Thursday, July 26, 2012

What makes a good judge?

I've been showing this summer and I have to say, on the whole the judges are a together group.  The L program is fairly rigorous, and there is an admirable consistency in the way that the L judges evaluate and score a ride. Some are more generous than others but the "scale" is there.  I'm cognizant of the balance they have to achieve as schooling show judges -- be encouraging but be true to the goals and purpose of competition.  The tact they must demonstrate as they talk to the riders is -- well,  I'm impressed. What do I most love in a judge?
  •  judges that come to a schooling show dressed as if they are at Devon. Linen dresses, big hats, tucked in shirts. Shows respect for the facility, the riders, and the show.
  •  judges that have a sense of humor. Comments like "Not Today!" when your horse blows through a movement make me smile.
  • judges that aren't afraid to speak the truth. The most recent R judge I showed under made a theatrical sweep of the hand and said: "Stacey, talk about throwing away points!!!" She wore a big smile as she described the lopsided, five-meters-short-on-one-side trot circle that reduced a nice stretchy trot to a "6."
  • judges that are kind. I saw one rider, new to showing, go off course three times in one test. The judge chided her just a little, but was very kind and encouraging. I saw that rider later in another show, and she did very well.
So, let's raise a glass to one of the things in the dressage system that work well. Kudos!


  1. I hope to be blessed with judges with a sense of humor next week when I take CP to his first show. When I did it with Ozzy, he spent half the test trying to figure out if he should jump the dressage fence and the other half trying to run away from it. The judge wrote, "Good job keeping him in the ring."

  2. What I've always liked are judges who take that, "Been there, done that" approach when things go wrong...those who are well aware that riding a good test takes two willing partners and sometimes the horse just isn't willing. A sense of humor and sense of perspective--sympathy for the rider--make it all so much nicer to compete.
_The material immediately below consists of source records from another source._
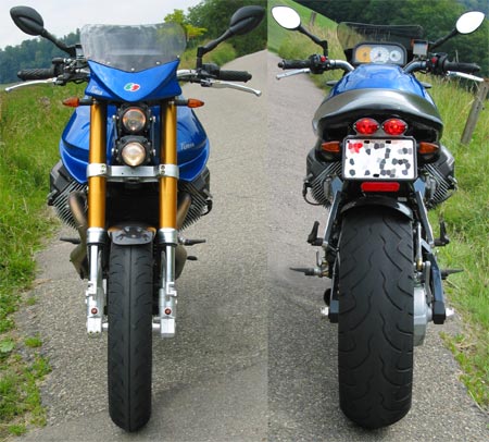 Ein äusserst spannender Umbau, habe ich am 6. Zentralschweizer Moto Guzzi Treffen am Glaubenberg gesehen und der hat mich fast umgehauen. Aus Alt (LM III) mach NEU, wunderbar radikal. Solche Motorräder sollte Guzzi anbieten, einen Custom-Shop eröffnen, den besten Guzzi -Tunern Europas einen Entwicklungsauftrag geben und Jährlich ein Modell als Sonderserie (50 bis 100 Stk.) herausbringen. So wie das die namhaften Instrumentehersteller für Rockmusiker bereits längstens vormachen. Das Bild wurde von Petra & Markus von Moto MS zur Verfügung gestellt. |
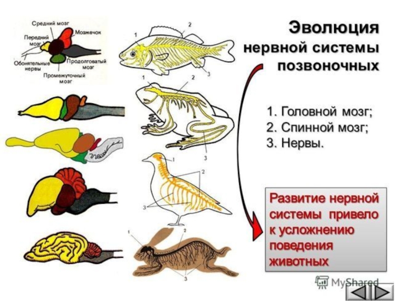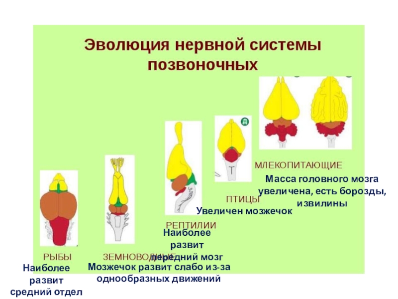 млекопитающих (хорошо развит передний мозг), имеются борозды и извилины
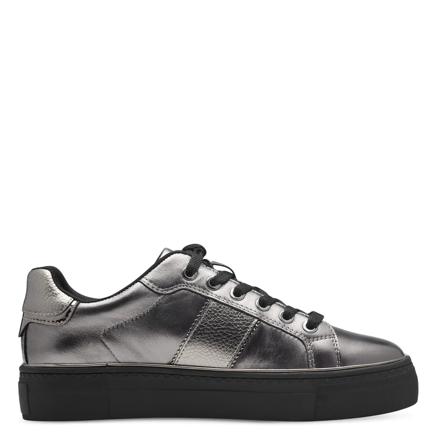 Introducing the Tamaris 23724 Trainers in pewter metallic, fit for the modern woman. This comfortable sneaker boasts a 2.5 cm platform and 6.5 cm shaft for easy wear. The luxurious leather and synthetic materials provide a stylish look, while the round toe and lacing ensures maximum comfort. Complete with COMFORT-Lining and Removable Sock-Technology for a truly indulgent experience. Elevate your style with Tamaris.
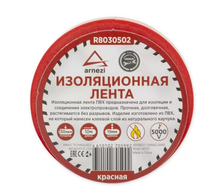 Изолента ПВХ 19 мм x10 м толщина 130 мик, красная ARNEZI R8030502
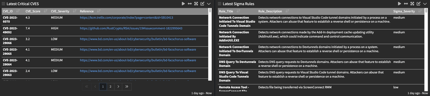 This isn’t a full solution, more like a foundation which can be built on top of over time. I have created a little Python script to scrape RSS feeds from some popular sites, grab the latest CVE information and gather information on the latest Sigma rules. This pairs quite nicely with the Graylog Sigma rule integration as if I see any I think I want to use, I can simply enable them in the Security UI.
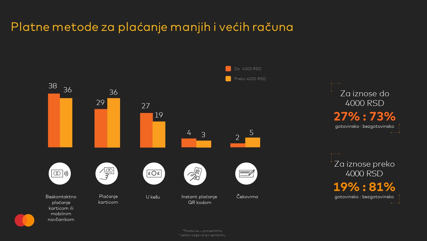 Gledajući visinu računa, bezgotovinska plaćanja su primarna platna opcija kako za manje, tako i za veće iznose – za račune do 4.000 dinara, 71% ispitanika se opredeljuje za bezgotovinske opcije (kartice, mobilni novčanici, instant plaćanja), a još je veći procenat njih – 76% – koji to rade za iznose preko 4.000 RSD.
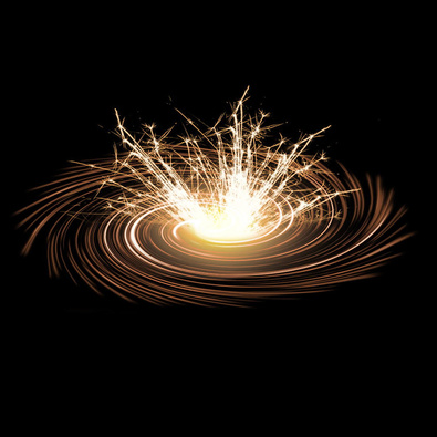 Раскручивается, разбрасывая золотые искры и светясь цветным огнём.
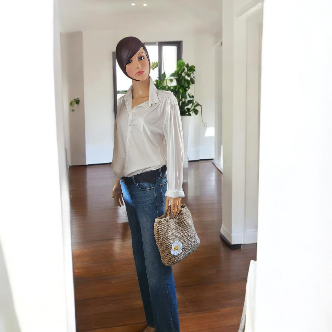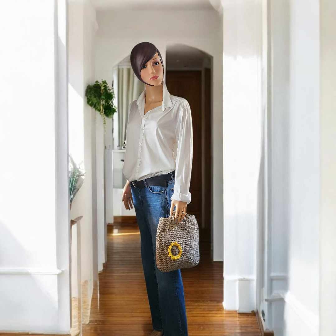 Chaque sac est une pièce unique, décorée d’une fleur crochetée qui apporte une touche de fraîcheur et de personnalité à votre tenue : marguerite, tournesol ou coquelicot… à vous de choisir votre humeur du jour.
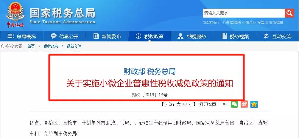 财税〔2019〕13号重磅发布:对小微企业推出一批新的普惠性减税措施。调整后,小型微利企业税负将降至5%和10%,增值税起征点将提至10万/月。
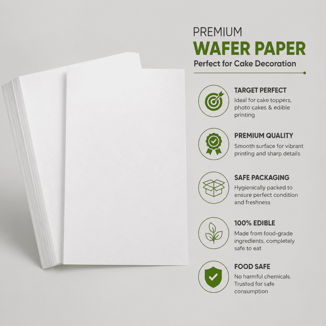 Enhance your cake creations with our premium edible A4 plain wafer paper, specially designed for bakers, cake artists, and professionals. Made from high-quality, food-grade ingredients, this wafer paper is perfect for creating elegant cake decorations, edible prints, toppers, and creative dessert designs.
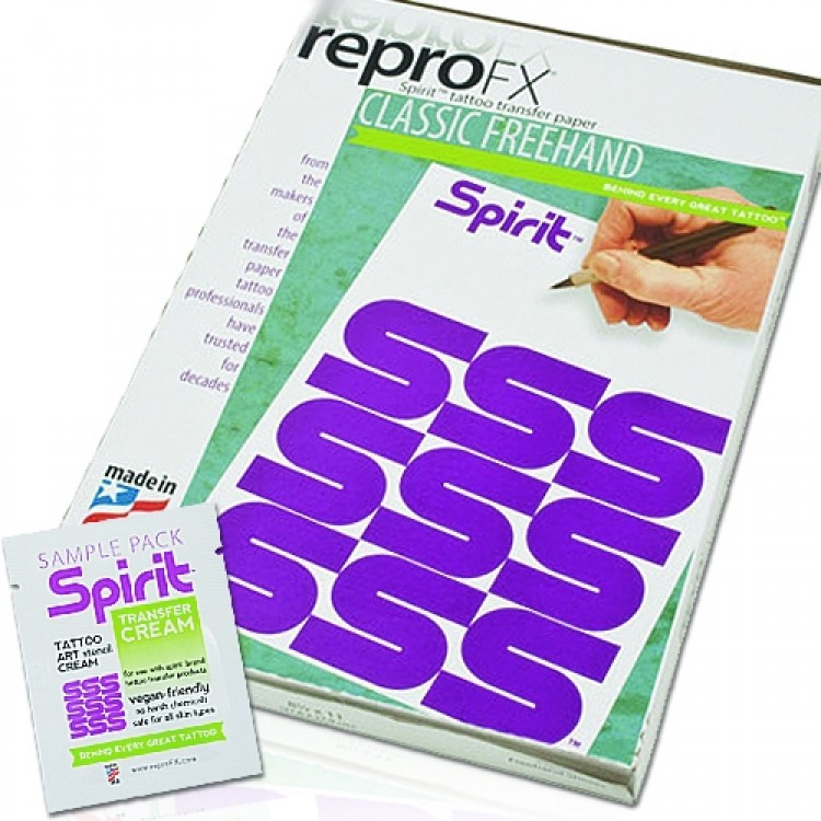 ReproFX carte hectrographique pour dessiner à main libre sans l'utilisation d'un thermofax.Teinte violette pour une meilleure visibilité et matériel de bonne qualité. La feuille est divisée en 4 couches qui se composent : la feuille de protection, la feuille carbone et la feuille de support. C'est le meilleur produit pour le transfert sur la peau, parce que la carte est très résistante à l'eau et le dessin ne s'effacera pas. Taille 8,5 "x11" Disponible en paquets de 25, 50 et 100 feuilles.
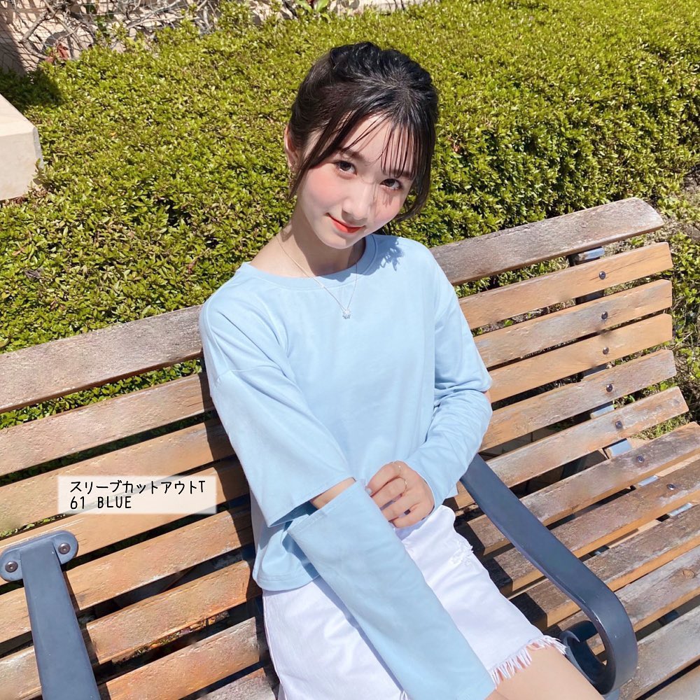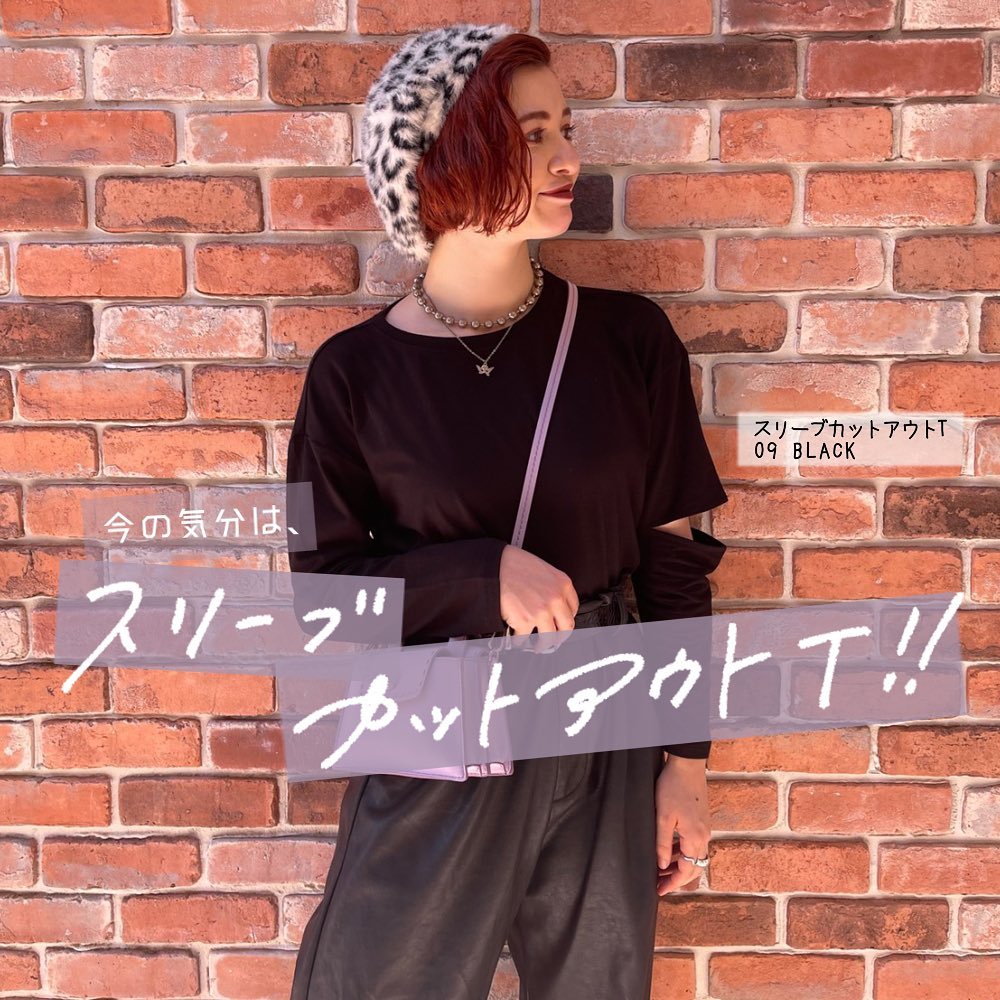 カットデザインがお気に入り👍スリーブカットアウトT✨ひじ部分がカットされ、ヘルシーな肌見せができるデザインT😘カット部分をいかして、レイヤードしてみたり👌
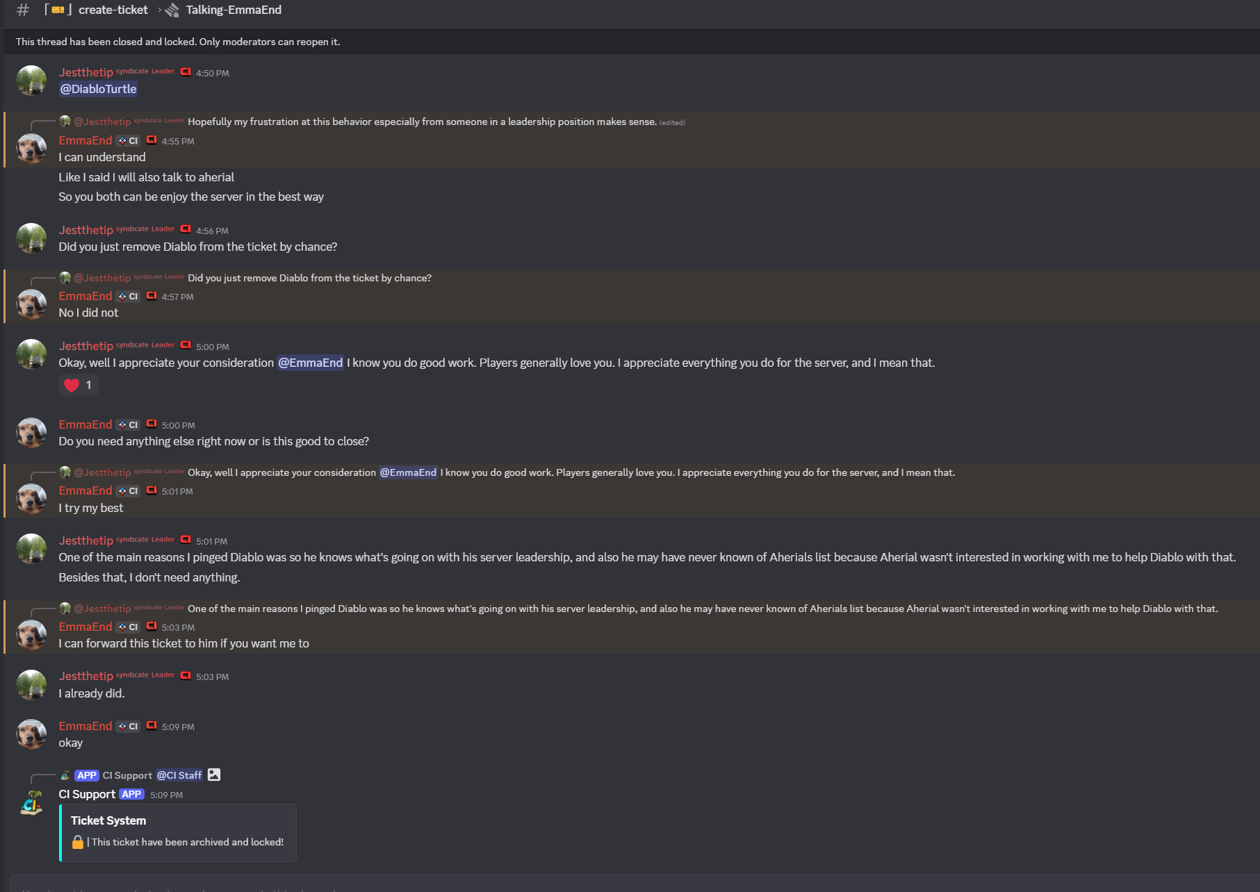 Despite this, Aherial submitted a ticket requesting that a specific player (Jest) be prohibited from communicating with her again. The interaction in question lasted less than five minutes, involved a legitimate question, and did not include any repeated or inappropriate behavior.
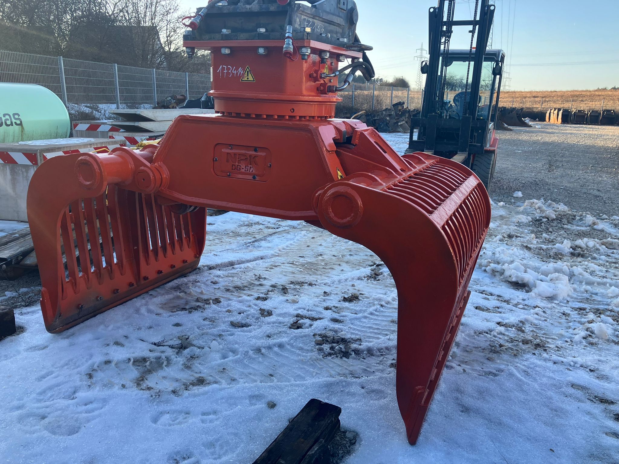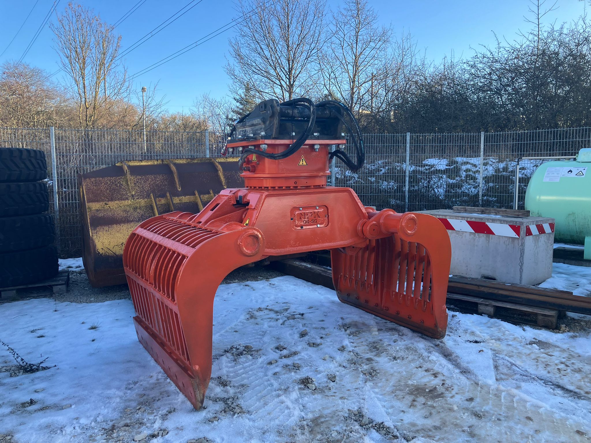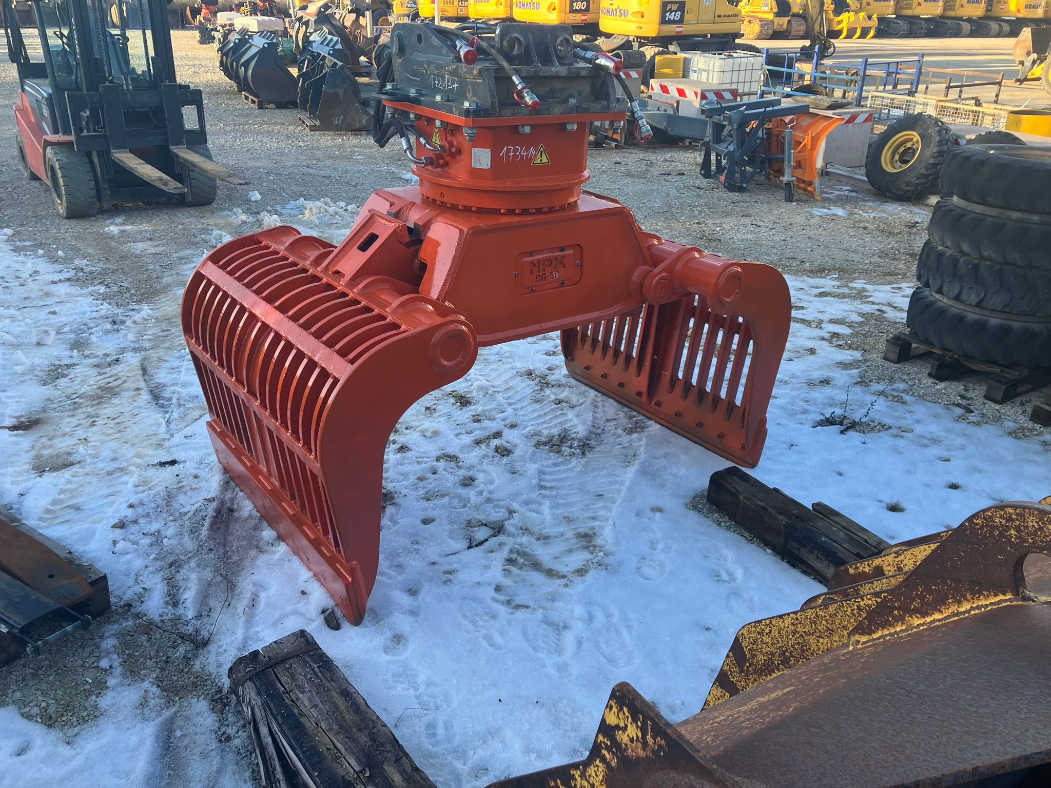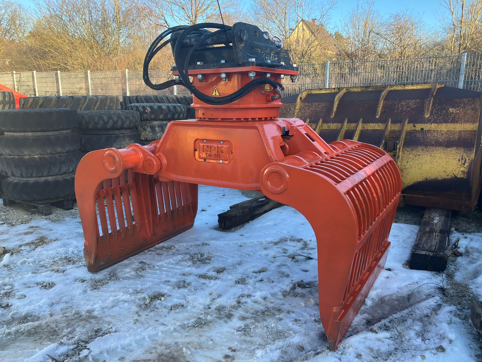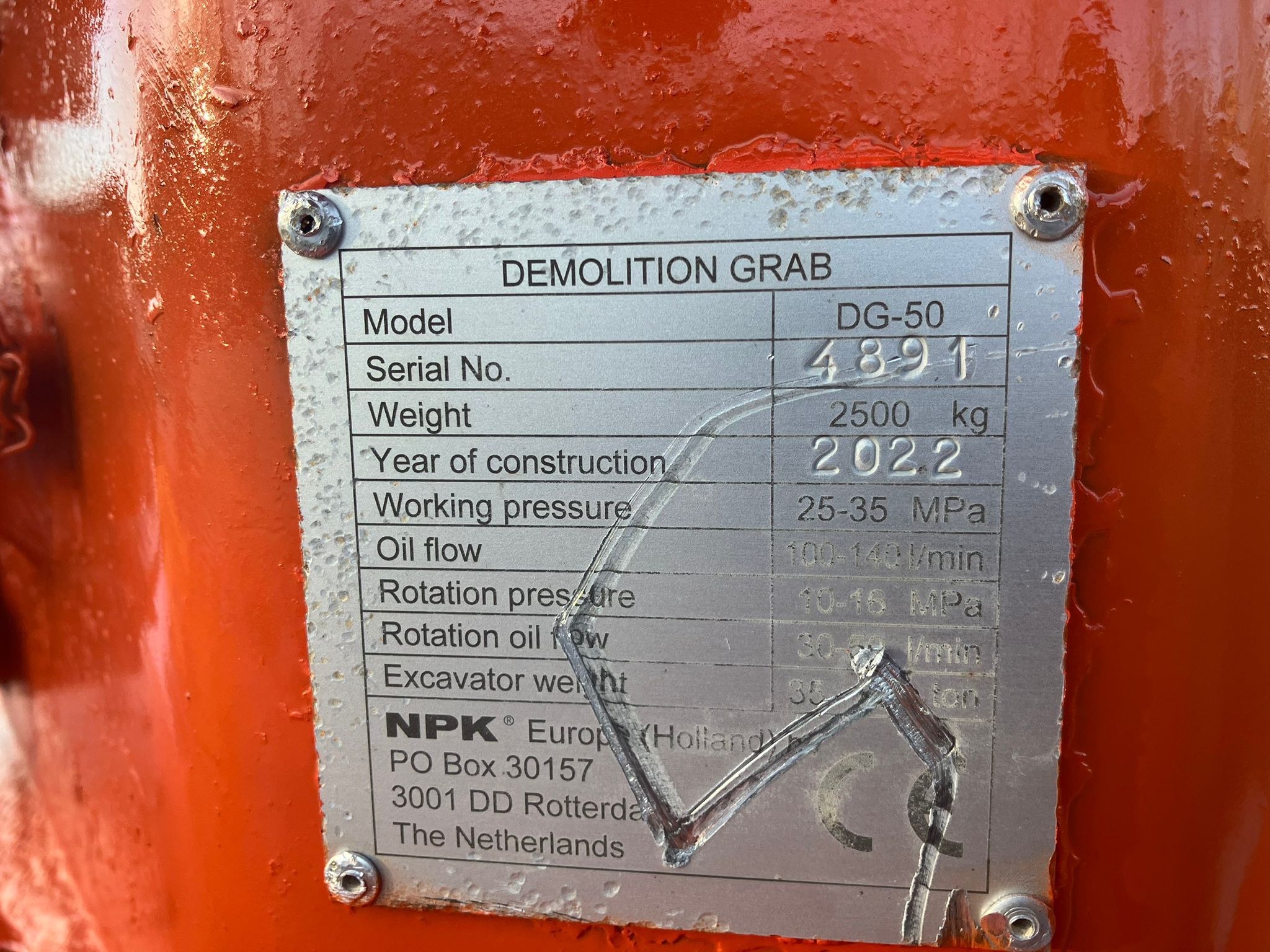 ABBRUCHGREIFER NPK DG-50, HYDRAULISCH DREHBAR,2 DREHMOTOREN UND WECHSELBAREN WENDEMESSER EINSATZGEWICHT: 35,0 TO. - 50,0 TO. EIGENGEWICHT: 2.500 KG 3.800 KG MIT ADAPTER GREIFERSCHALE MIT RIPPE ABMAßE:ÖFFNUNGSWEITE: 2.450 MM SCHALENBREITE: 1.450 MM HÖHE OHNA ADAPTER: 1.560 MM KAPAZITÄT: 1.100 LTR. BETRIEBSDRUCK: 250 - 350 BAR ÖLMENGE: 100 - 140 L/MIN SCHLIEßKRAFT: 90 KN DREHMOTOR BETRIEBSDRUCK: 100 - 160 BAR ÖLMENGE: 30 - 50 L/MIN GREIFERSCHALE MIT LOCHBLECH ODER MIT SCHALEN KOMPLETT GESCHLOSSEN Adapterplatte MS21 (SCHL)
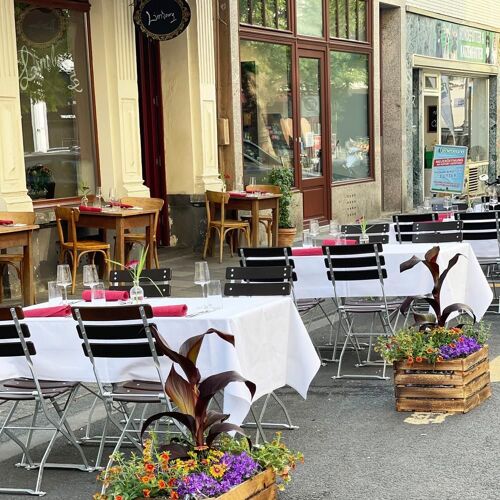 A wonderful addition to the Belgian Quarter's fine dining scene. The atmosphere is pleasantly laid-back and the vibe tasteful, whether you dine in the ground-floor space or at BelEtage. Chef-patron Alen Radic showcases his cosmopolitan cuisine, which draws on French influences and is made with fresh, good-quality ingredients – served as a set menu (vegetarian version available) or à la carte. The slightly shorter set menu served at lunchtime is also popular. The sheltered courtyard terrace is particularly inviting in summer.

  3. I was just discussing one of my favorite judges with a friend today, who happens to be friends with the judge. I found this particular judge to be very encouraging and kind. She made me feel great without seeming insincere. Our common friend exclaimed that the judge makes it her goal to "make riders want to come back". That's it exactly. I love that quality in a judge.

  4. It must not be ridiculously hot where you are. I'm not a big fan of fancy-dressed judges at schooling shows. Be down-to-earth like the rest of us should be.
    Uppity-dressed judges, show managers, and competitors? Those belong in the rated shows.

  5. Oh my goodness! Modern fabrics are so comfortable you can certainly dress cooly, be comfortable, and look professional. It's not like the devon judges are in 3 piece suits. I'm not in favor of wrinkled capris and a tank top which I have seen once. A lot of people commented on it.

  6. I show hunters and my trainer is a judge, I can honestly say she holds these standards. Although I can't show when she judges she is always positive, and will always dress professionally.

  7. Not only are kind hearted judges more fun to ride for, they are MUCH more fun to scribe for. I've done my fair share of scribing at schooling shows, recognized shows, and dressage portions of horse trials, and it makes the day SO much better when the judge is friendly.

    I've scribed for a few who had a stick up their you-know-what and it made the day go by terribly slow.

  8. My mare when I asked for her canter decided to add a series of bucks. The judge wrote: over exuberant in her departure. Made made laugh. I like judges who are kind in their wording.